Kristiansand, 1943

Intentó combatir el mareo durante toda la travesía hasta Noruega. A los demás no parecía afectarles. Estaban acostumbrados. Se habían criado en el mar. Tenían patas de pez, como solía decir su padre. Sabían parar todos los movimientos del oleaje y se movían con firmeza por la cubierta. Parecían siempre ajenos al mareo que se extendía desde el estómago hasta la garganta. Axel se apoyó en la regala. Él sólo pensaba en sacar la cabeza por la borda y vomitar. Pero se negaba a exponerse a tal humillación. Sabía que las pullas no serían malintencionadas, pero era demasiado orgulloso para soportar las burlas de los pescadores. No tardarían en llegar. Y en cuanto pudiese saltar a tierra firme, el mareo desaparecería como por arte de magia. Lo sabía por experiencia. Había hecho el mismo viaje muchas veces.

–Tierra a la vista –gritó Elof, el patrón del barco–. Llegaremos a puerto dentro de diez minutos. –Elof se quedó mirando a Axel, que se le acercaba en dirección al timón. Tenía la piel curtida y tostada por el sol, arrugada como un cuero expuesto desde la infancia a vientos y temporales.

–¿Tienes lo tuyo controlado? –preguntó en voz baja y mirando a su alrededor. En el puerto de Kristiansand vieron las hileras de barcos alemanes, que les recordaban cuál era la realidad. Alemania había invadido Noruega. Suecia se había librado, por ahora, pero nadie sabía cuánto duraría la suerte. Hasta entonces, observaban con atención al vecino del oeste y el avance de los alemanes en el resto de Europa, cómo no.

–Vosotros ocupaos de lo vuestro, que yo me ocuparé de lo mío –replicó Axel. Sonó más desabrido de lo que pretendía, pero siempre sentía cierto remordimiento por involucrar a la tripulación en un riesgo que habría preferido correr él solo. En cualquier caso, él no obligaba a nadie, se decía. Elof le dijo que sí de inmediato cuando le preguntó si podía ir con ellos en su barco de vez en cuando y llevarse… mercancía. Jamás tuvo que explicar qué era lo que transportaba y Elof y el resto de la tripulación del Elfrida nunca hicieron indagaciones.

Atracaron en el muelle y sacaron la documentación que sabían iban a pedirles.

Los alemanes no dejaban nada al azar y siempre los sometían a un control riguroso de documentación antes de permitirles desatar la carga siquiera. Una vez resueltas las formalidades, empezaron a descargar las piezas de maquinaria que constituían el objeto oficial de su transporte. Los noruegos recogían el género mientras los alemanes observaban ceñudos el proceso, con los rifles prestos por si fuera necesario. Axel aguardaba su momento, que llegaría al atardecer. Para poder descargar su mercancía necesitaba oscuridad. Las más de las veces llevaba alimentos. Alimentos e información. Como en este caso.

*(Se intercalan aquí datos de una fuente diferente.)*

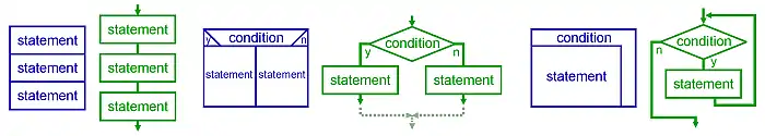 - Sequence: declaraciones ordenadas o subrutinas ejecutadas en secuencia.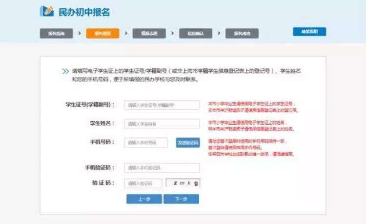 在该步骤,需填写学生证号(本市小学毕业生请使用电子学生证上的学生证号,非本市来沪就读孩子请使用信息登记表上的登记号。)、 学生姓名(本市小学毕业生请使用电子学生证上的姓名,非本市来沪就读孩子请使用信息登记表上的姓名。) 和手机号码(请与您首次登录时使用的手机号码保持一致,首次登录请使用常用手机号码。该号码为学校与您联系的唯一途径,请准确填写。)

Después de cenar en medio de un denso silencio, Axel se sentó a esperar lleno de desasosiego a que llegara la hora que habían acordado. Unos toquecitos discretos en la ventana lo sobresaltaron, igual que a los demás. Axel se inclinó rápidamente, levantó una parte del suelo y empezó a sacar cajas de madera. Manos silenciosas y atentas las iban recogiendo y poniéndolas en el muelle. Todo sucedía mientras resonaba la estridente charla de los alemanes que se oía desde el barracón situado a unos metros. A aquellas horas de la tarde ya habían sacado las bebidas fuertes, lo cual simplificaba su peligrosa misión. Los alemanes borrachos eran mucho más fáciles de engañar que los sobrios.

Tras un quedo «gracias» pronunciado en noruego, la carga había desaparecido del barco y se había esfumado en la oscuridad. Una vez más, la entrega se produjo sin complicaciones. Con una embriagadora sensación de alivio, Axel bajó de nuevo al castillo de proa. Tres pares de ojos lo recibieron, pero nadie pronunció una palabra. Elof asintió sin más, se dio media vuelta y empezó a cargar la pipa. Axel sentía una gratitud enorme hacia aquellos hombres que, sencillamente, lo superaban por completo. Afrontaban las tormentas y a los alemanes con el mismo semblante apacible. Tenían asumido desde hacía mucho tiempo que los caprichos de la vida y del destino no eran algo sobre lo que uno pudiera influir. Uno hacía lo que podía, intentaba vivir en la medida de lo posible. El resto era cosa de la Divina Providencia.

Axel se fue a dormir agotado. Concilió el sueño en el acto, mecido por el leve balanceo del barco y por el chasquido del agua contra el casco. En el barracón del muelle, las voces de los alemanes subían y bajaban. Al cabo de un rato empezaron a cantar. Pero para entonces Axel ya dormía profundamente.